OccupancyDETR: Using DETR for Mixed Dense-sparse 3D Occupancy Prediction
Yupeng Jia, Jie He, Runze Chen, Fang Zhao, Haiyong Luo
TL;DR
OccupancyDETR addresses monocular 3D semantic occupancy by introducing a DETR-like object detection module that provides priors for a mixed dense-sparse 3D occupancy decoder. Foreground objects are decoded densely while background objects use sparse decoding, with MaskFormer used for background semantics. To mitigate slow convergence of DETR-like models, the authors propose an early matching pretraining strategy. Experiments on SemanticKITTI show real-time performance with improved handling of small objects and competitive accuracy at a reduced resource footprint.

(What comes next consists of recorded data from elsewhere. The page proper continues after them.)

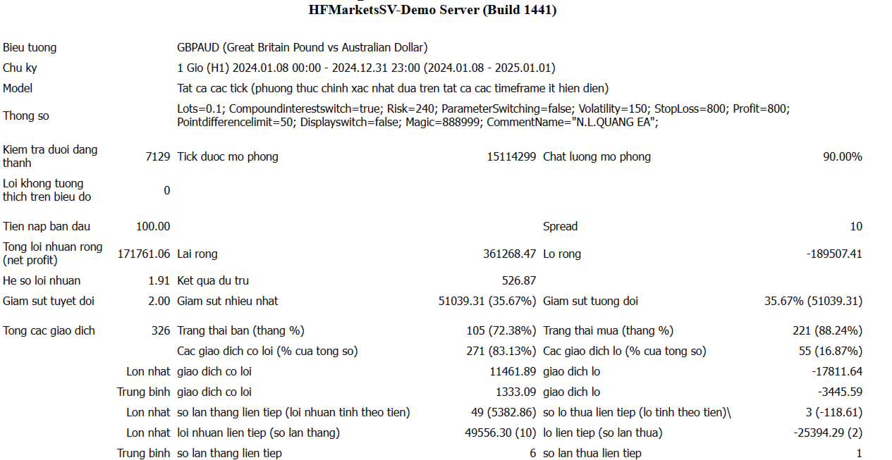 These currency pairs are selected for their relative stability and strong compatibility with the EA’s strategy, optimizing trade management and risk control.
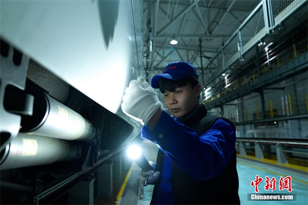 1月16日晚,在北京動(dòng)車段北京北動(dòng)車運(yùn)用所,動(dòng)車組機(jī)械師對動(dòng)車組開展側(cè)身檢查。
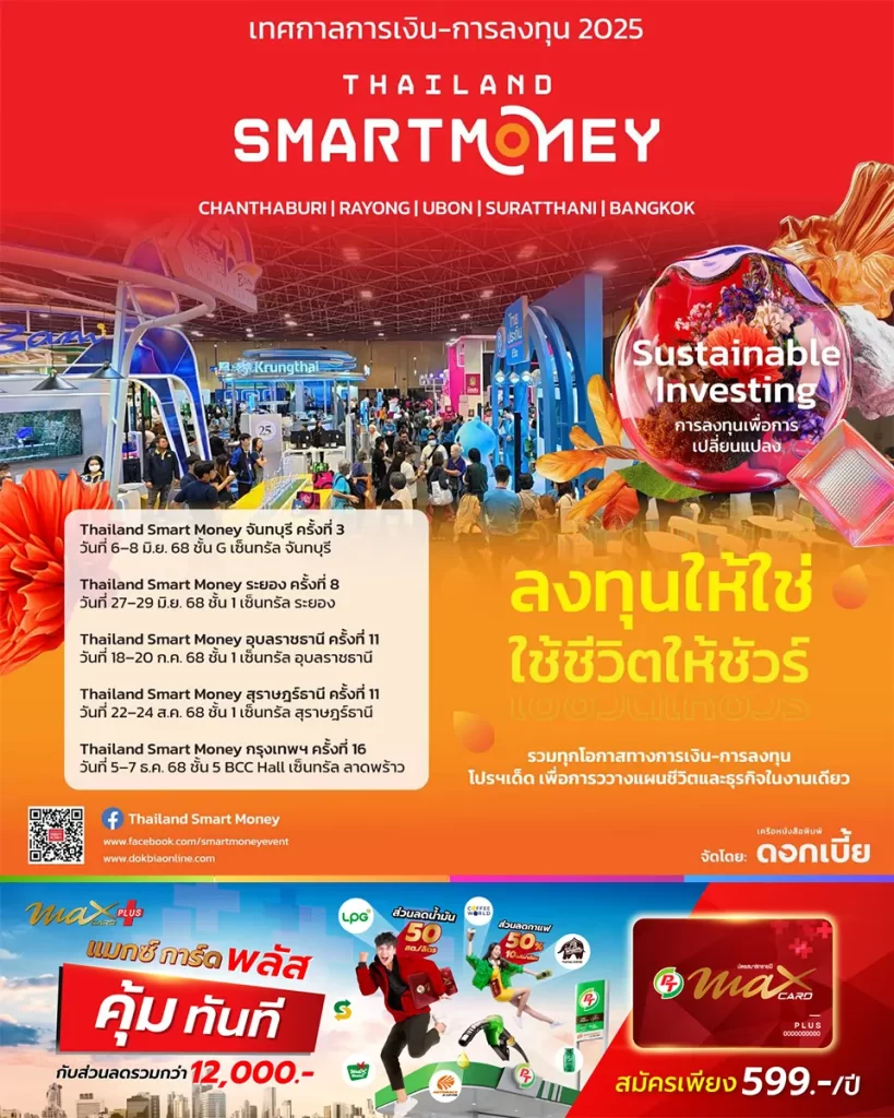 ทั้งนี้ การเดินสาย 4 จังหวัดถือเป็นการนำร่องสู่การจัดงานใหญ่ส่งท้ายปี “Thailand Smart Money 2025 กรุงเทพฯ” ภายใต้แนวคิด “Sustainable Investing: การลงทุนเพื่อการเปลี่ยนแปลง” ซึ่งจะจัดขึ้นระหว่าง วันที่ 5-7 ธันวาคม BCC Hall ชั้น 5 เซ็นทรัลลาดพร้าว โดยงานดังกล่าวจะเป็นศูนย์รวมสถาบันการเงินชั้นนำและบริการด้านการลงทุนไว้อย่างครบวงจร พร้อมกิจกรรมเสวนาพิเศษและสิทธิประโยชน์ทางการเงินที่จะตอบสนองความต้องการของผู้เข้าร่วมงานได้อย่างรอบด้าน

The work presents a practical, scalable approach to real-time 3D occupancy perception from monocular input and suggests easy extension to multi-frame/multi-camera setups.
Abstract
Visual-based 3D semantic occupancy perception is a key technology for robotics, including autonomous vehicles, offering an enhanced understanding of the environment by 3D. This approach, however, typically requires more computational resources than BEV or 2D methods. We propose a novel 3D semantic occupancy perception method, OccupancyDETR, which utilizes a DETR-like object detection, a mixed dense-sparse 3D occupancy decoder. Our approach distinguishes between foreground and background within a scene. Initially, foreground objects are detected using the DETR-like object detection. Subsequently, queries for both foreground and background objects are fed into the mixed dense-sparse 3D occupancy decoder, performing upsampling in dense and sparse methods, respectively. Finally, a MaskFormer is utilized to infer the semantics of the background voxels. Our approach strikes a balance between efficiency and accuracy, achieving faster inference times, lower resource consumption, and improved performance for small object detection. We demonstrate the effectiveness of our proposed method on the SemanticKITTI dataset, showcasing an mIoU of 14 and a processing speed of 10 FPS, thereby presenting a promising solution for real-time 3D semantic occupancy perception.